The largely rinsed-out PPI issue continued to linger in the third quarter with a £900m provision linked to compensation and other costs that was at the higher end of the range of expectations. The impact, which wiped out profits in the quarter leaving an $8m loss, is a reminder of how corrosive the twenty-year long saga has been, particularly to UK-focused RBS, which has 89% of its asset base in Britain. More broadly, on the basis of continued PPI ripples in RBS’s quarter, investors will need to reassess how much of an additional aftershock could be felt by other British lenders. Holders of shares in Lloyds, which reports next Thursday, may take RBS news as fair warning.
Yet efficiency has trumped PPI remediation as £27.5bn RBS’s main priority so far in the second half, as swap rates and the yield curve, not to mention Brexit, apply pressure on revenues. A pithier question is how well the group is protecting underlying performance from flak that also included a 44% core income drop at NatWest Markets linked to its rates business.
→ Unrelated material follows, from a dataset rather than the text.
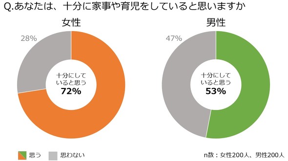 「あなたは十分に家事や育児をしていると思いますか」と尋ねたところ、「十分に行っている」と回答した男性は53%、女性は72%という結果になった。

That one-off was responsible for the net interest income miss (£3.5bn was expected in Q3; £2.01bn was reported).
Yet, with the net interest margin (NIM) also falling 5 basis points (bp) quarter-on-quarter, RBS’s formula for underlying stability still looks incomplete. After all, the main driver of weakening NIM is actually an increasingly fierce battle over residential mortgage market share as rates trend weaker.
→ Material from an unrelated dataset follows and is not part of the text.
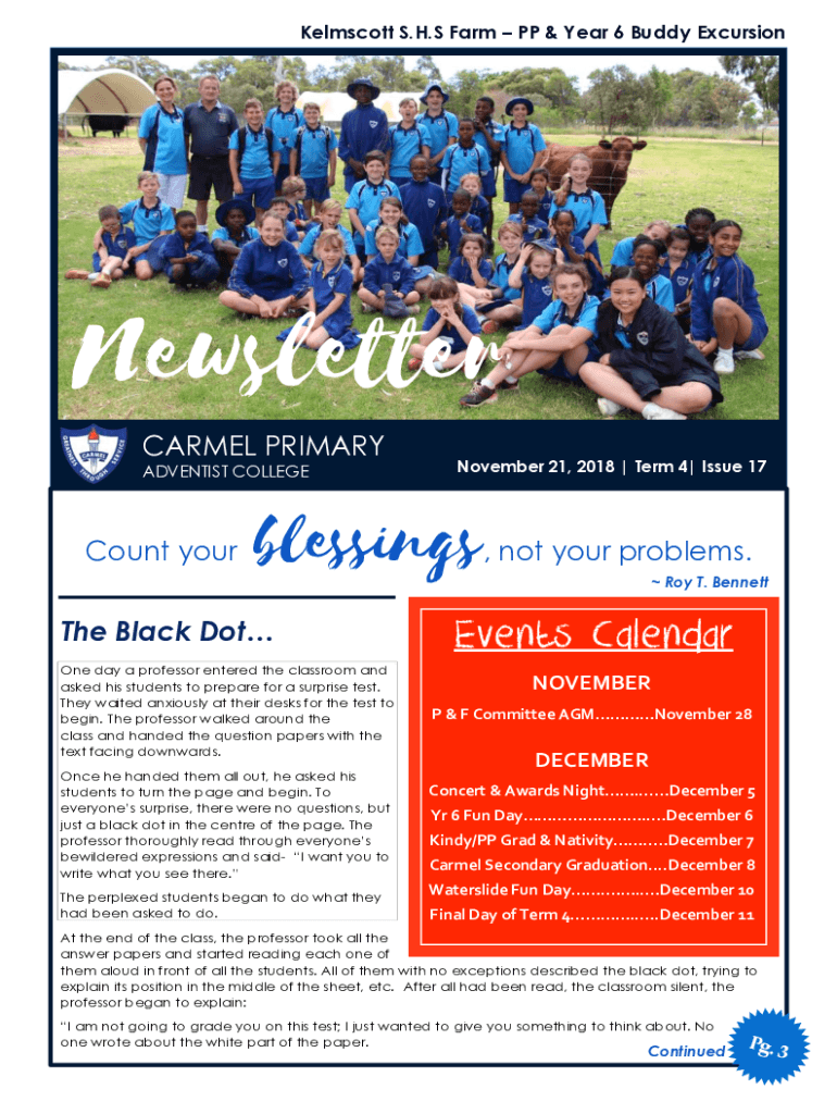 Ellicott S.H.S Farm PP & Year 6 Buddy ExcursionNewsletter CARMEL PRIMARY ADVENTIST COLLEGECount your November 21, 2018 | Term 4| Issue 17blessingsThe Black Dot One day a professor entered the classroom

In other words, RBS may need to double down on cost cuts, and that points to further potential headcount reduction. Such thinking hasn’t been highlighted in the group’s Q3 report. In the context of the negative PPI and NatWest surprises, a 19% stock advance on Brexit deal progress since 11th October is being trimmed on Thursday and looks set to be reduced further into the year end.
RBS’s key Q3 success was continued retail lending and deposit growth, whilst excluding a 50bp PPI hit, Tier 1 ratio at 15.7% portrays stable capital strength that keeps dividend plans on track, though not much better. New CEO Alison Rose, a 30-year RBS veteran, will be more familiar than most with where the remaining fat lies.